**WHAT THE EXERCISE ASKS**
Transcribe each line of the material as it is, and drop any picture.
━━ EXERCISE MATERIAL
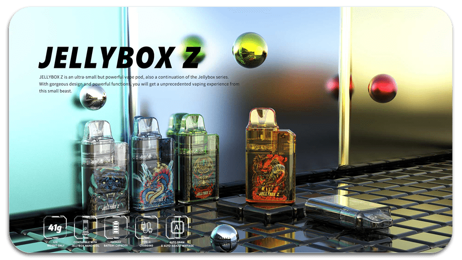 پاد سیستم Rincoe Jellybox Z افزودهای قدرتمند به خانوادهٔ Jellybox است که با وجود اندازه بسیار کوچک، کیفیت بالایی برای تجربه ویپینگ ارائه میدهد. طراحی زِد با ترکیب بدنه PCTG + PC، وزن حدوداً ۴۱ گرم و ابعاد 73×39×15.5 میلیمتر، آن را به همراهی عالی برای استفاده روزمره تبدیل کرده است.
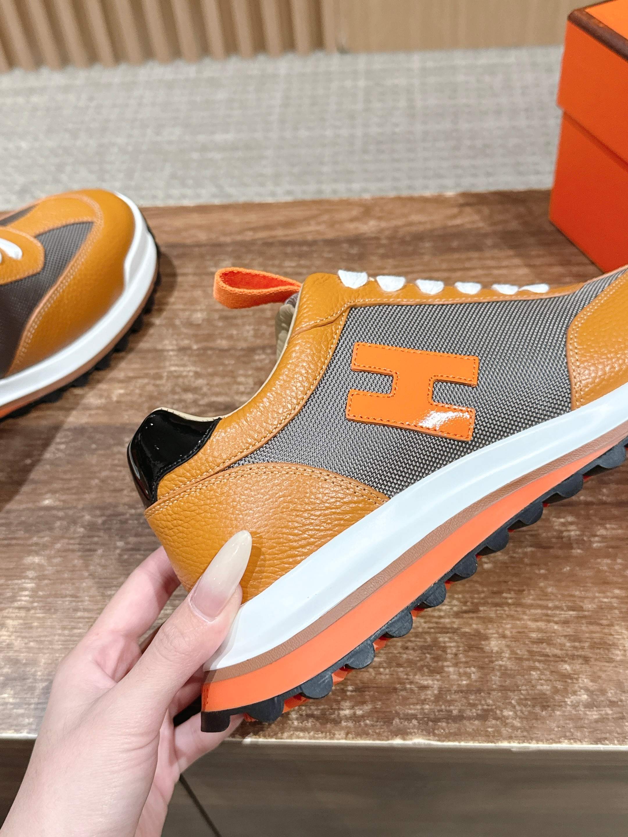这款鞋子是AAAAA 1:1 质量 (非常棒). 使用了和原版一模一样的材料. 商标部分也保持了和爱马仕/Hermes一样. 图片拍摄是实物鞋子拍摄, 您所收到的实物保证和我们图片一模一样.
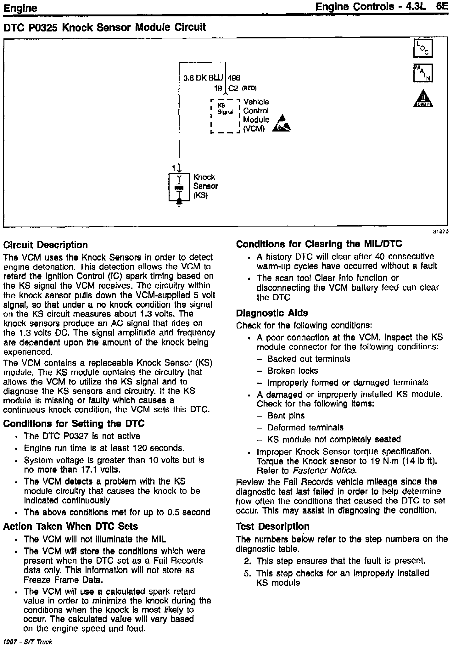 This bulletin is being issued to add Diagnostic Trouble Code P0325 which was missing from the 1997 S/T Truck Service Manual, Book 2 of 2.
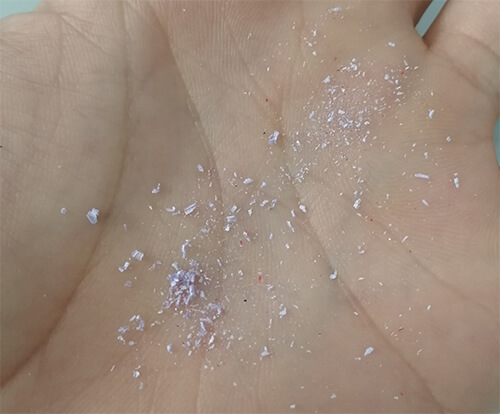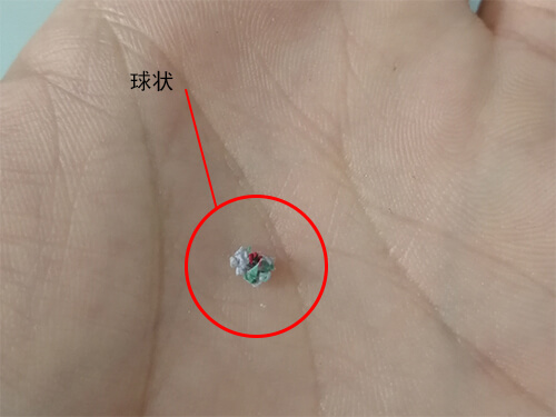 佳润 JR1A(绿桶) 产品外包装采用特殊印刷工艺,因此采用利器,如钥匙或起子等刮削桶表面油漆层,刮削的油漆层呈条状,用手搓捏后,手感有弹性,并呈球状,如图5所示;
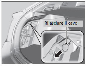 - Tirare la cinghia sul coperchio del pianale bagagliaio e aprirlo.
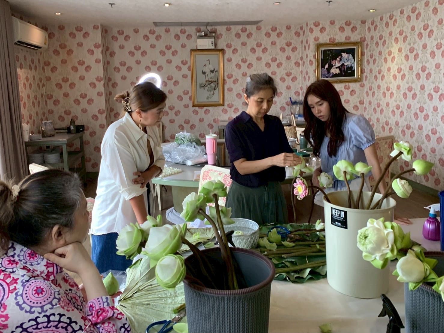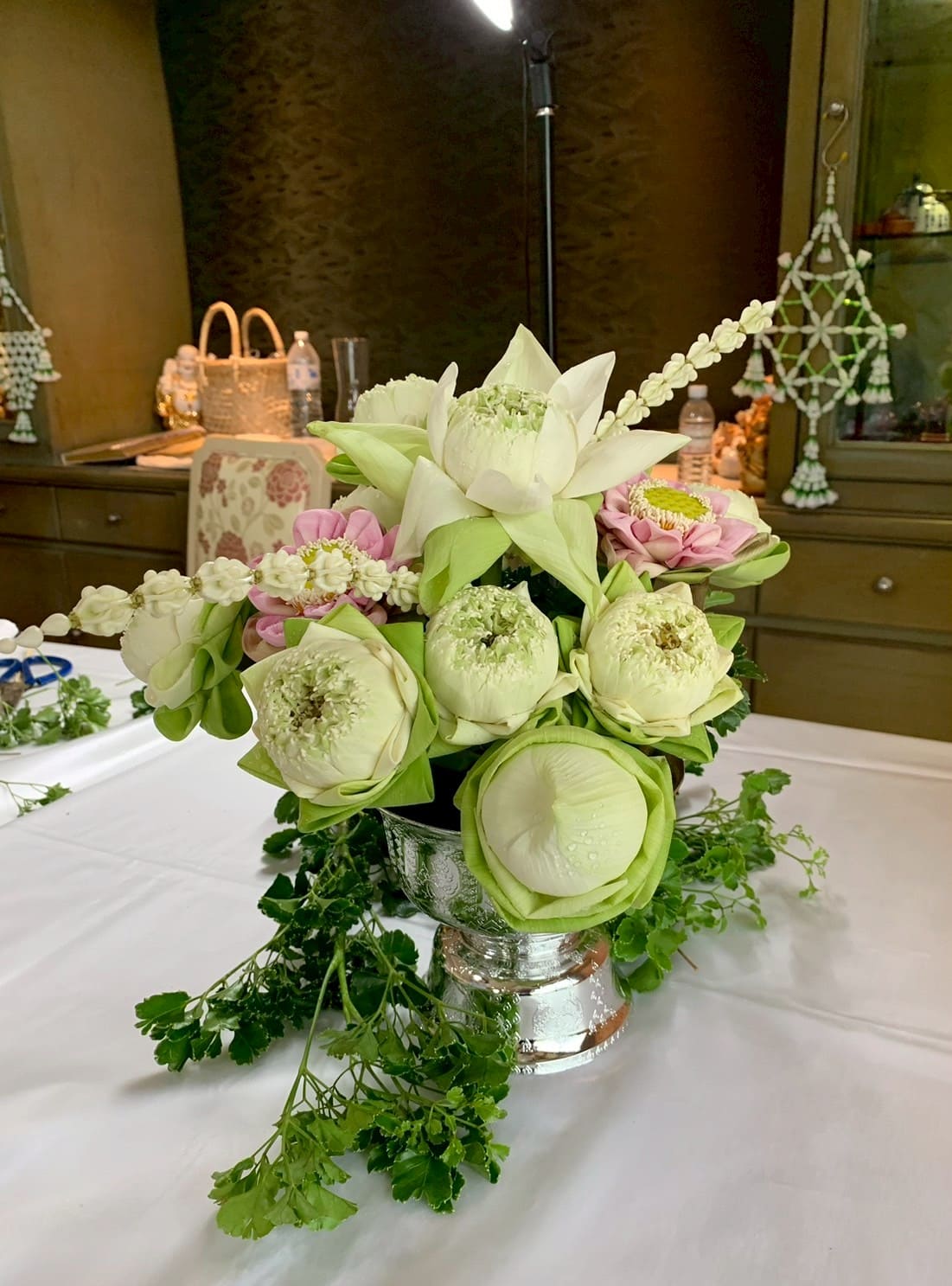 เรียนการพับกลีบดอกบัว 10+1 แบบ และชื่อเรียกตามในวังหลวงเรียนการจัดดอกไม้แบบสากลทรงสามเหลี่ยม
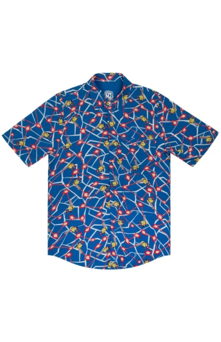 Despicable Me 4 camp shirt featuring an allover print of Mega Minion Mel firing his laser goggle.100% RayonAdult sizeSub…
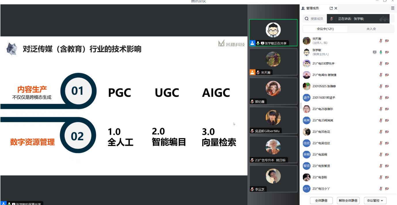 5月23日,文学与传播学院语言与传媒实验中心成功举办了首次AIGC研讨会,主题为《从文字到影像AIGC图文生成助力教学的现况与应用》。本次研讨会特邀北京米穗科技创办人、知名企业讲师张学敏先生担任主讲嘉宾。张学敏先生同时也是北京师范大学人工智能学院、河南大学和西北政法大学新闻传播学院的企业讲师。
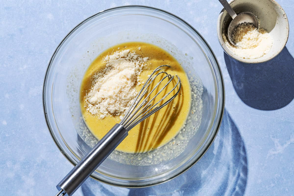 مرحله چهارم: روغن زیتون و پنیر پارمسان را اضافه کنید
━━━━
**ANSWER FOR THE TASK**
 پاد سیستم Rincoe Jellybox Z افزودهای قدرتمند به خانوادهٔ Jellybox است که با وجود اندازه بسیار کوچک، کیفیت بالایی برای تجربه ویپینگ ارائه میدهد. طراحی زِد با ترکیب بدنه PCTG + PC، وزن حدوداً ۴۱ گرم و ابعاد 73×39×15.5 میلیمتر، آن را به همراهی عالی برای استفاده روزمره تبدیل کرده است.
这款鞋子是AAAAA 1:1 质量 (非常棒). 使用了和原版一模一样的材料. 商标部分也保持了和爱马仕/Hermes一样. 图片拍摄是实物鞋子拍摄, 您所收到的实物保证和我们图片一模一样.
 This bulletin is being issued to add Diagnostic Trouble Code P0325 which was missing from the 1997 S/T Truck Service Manual, Book 2 of 2.
 佳润 JR1A(绿桶) 产品外包装采用特殊印刷工艺,因此采用利器,如钥匙或起子等刮削桶表面油漆层,刮削的油漆层呈条状,用手搓捏后,手感有弹性,并呈球状,如图5所示;
 - Tirare la cinghia sul coperchio del pianale bagagliaio e aprirlo.
 เรียนการพับกลีบดอกบัว 10+1 แบบ และชื่อเรียกตามในวังหลวงเรียนการจัดดอกไม้แบบสากลทรงสามเหลี่ยม
 Despicable Me 4 camp shirt featuring an allover print of Mega Minion Mel firing his laser goggle.100% RayonAdult sizeSub…
 5月23日,文学与传播学院语言与传媒实验中心成功举办了首次AIGC研讨会,主题为《从文字到影像AIGC图文生成助力教学的现况与应用》。本次研讨会特邀北京米穗科技创办人、知名企业讲师张学敏先生担任主讲嘉宾。张学敏先生同时也是北京师范大学人工智能学院、河南大学和西北政法大学新闻传播学院的企业讲师。
 مرحله چهارم: روغن زیتون و پنیر پارمسان را اضافه کنید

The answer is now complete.